The legal team and auditors play a crucial role as they ensure that the prospectus has all the necessary financial disclosures.

It is important to remember that external agencies like the investment banker and the auditor can only work with the data and information that is furnished to them. It is up to the company to examine its working and business prospects and provide an adequate level of information.

Example:

Accordia Golf Co., Japan’s largest golf-course operator, completed an IPO in Singapore last year. The IPO of $626 million was subscribed 0.91 times. That was a respectable showing in a tough market and also a reflection of the size of the IPO.

The company had utilized the services of Daiwa Capital Markets and Citigroup as investment bankers and Deloitte & Touche as its accountants. PricewaterhouseCoopers were the company’s auditors.

The necessity of having top-notch investment bankers and auditors for a company’s IPO cannot be overemphasised. They can make the difference between a successful IPO and one which fails.
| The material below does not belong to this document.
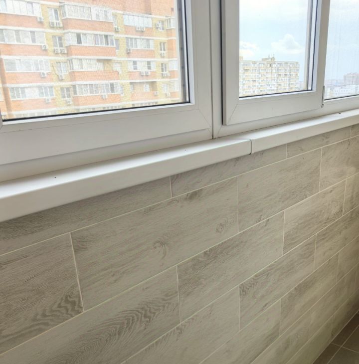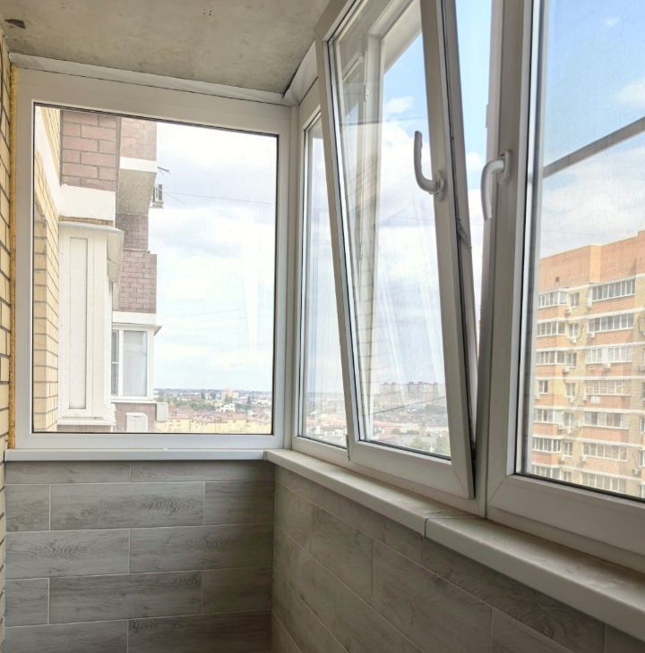 Застеклен качественным стеклопакетом и профилем, плитка на полу и на стене балкона, свет не проведен, потолок не отделан.
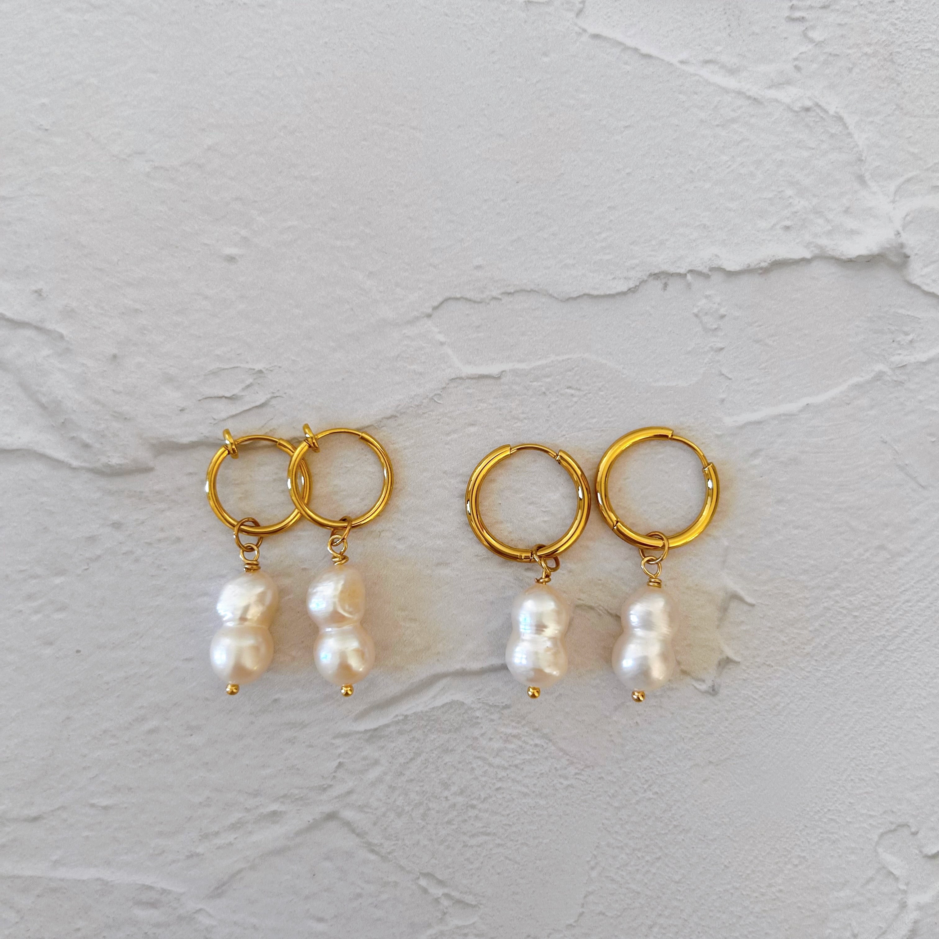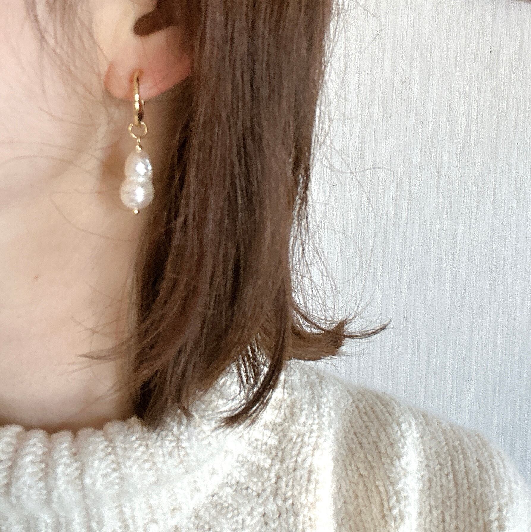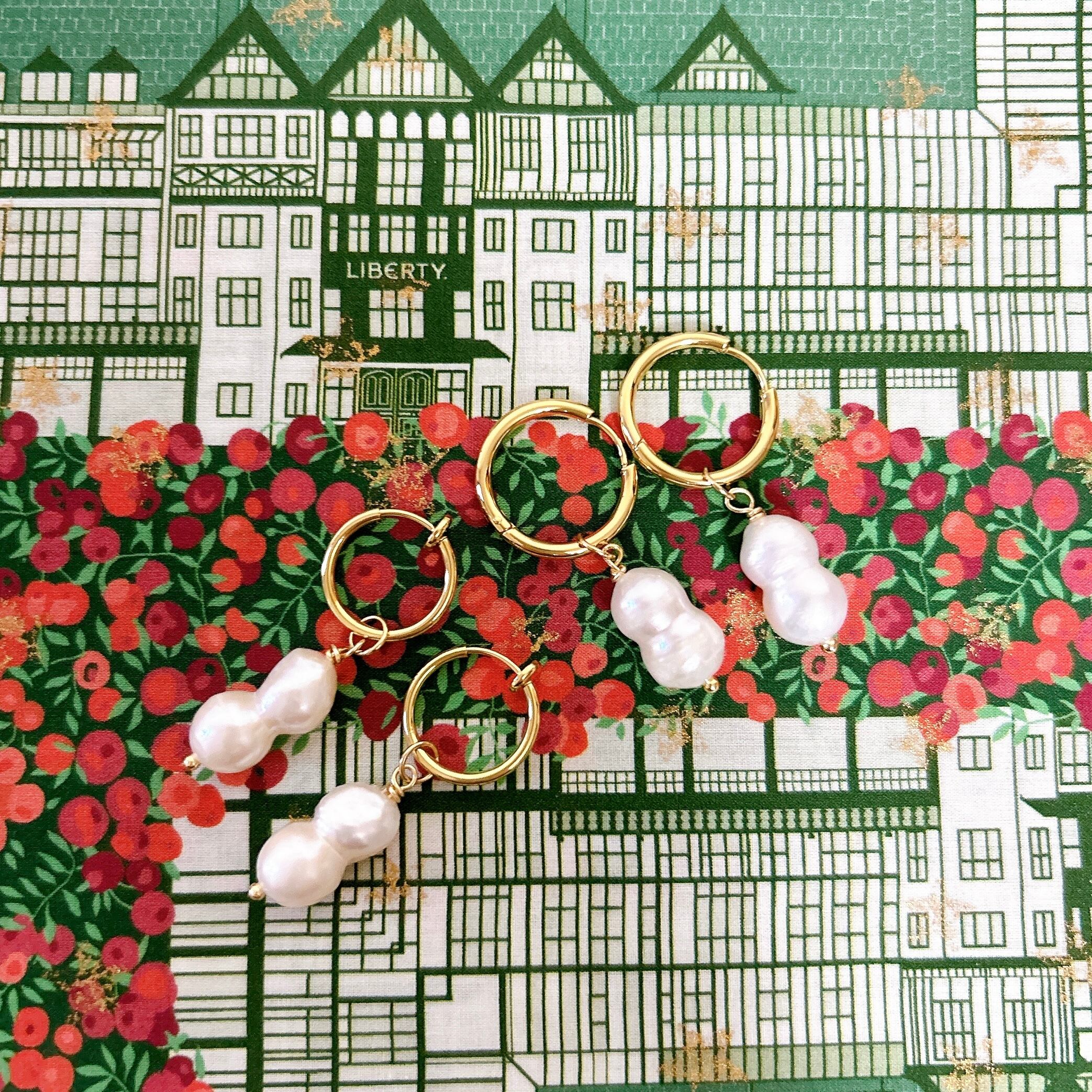 雪だるまのような、ピーナッツのような、ひょうたんのような?ユニークな形が愛らしい、ふたごの淡水パールを取り外しできるフープピアス(イヤリング)に仕立てました。

Senior members of the company’s management team will have to spend great amounts of time with the auditors, investment bankers and lawyers. This is an essential requirement if the company wants to prepare itself adequately for the IPO. An organisation can ignore this only at its own peril.

4. Establish your story

An IPO will succeed only if the company can demonstrate that it has identified an unfulfilled market demand and has the capability of satisfying it.

Example:

LendingClub realised that soon after the great financial recession of 2008, traditional banks had become over-cautious and were reluctant to provide finance even to borrowers with sound repayment capabilities.

Additionally, investors were unable to get good returns from banks. LendingClub capitalised on this opportunity by providing an online platform to match borrowers and lenders.

This innovative marketplace model proved itself from 2008 up to the time of the IPO in 2014. In the second quarter of 2014, just a few months prior to the IPO, LendingClub did a business volume of $1 billion.

All these factors served to convince investors that online lending marketplaces had a sound business model and that LendingClub was well-positioned to command a large part of the business.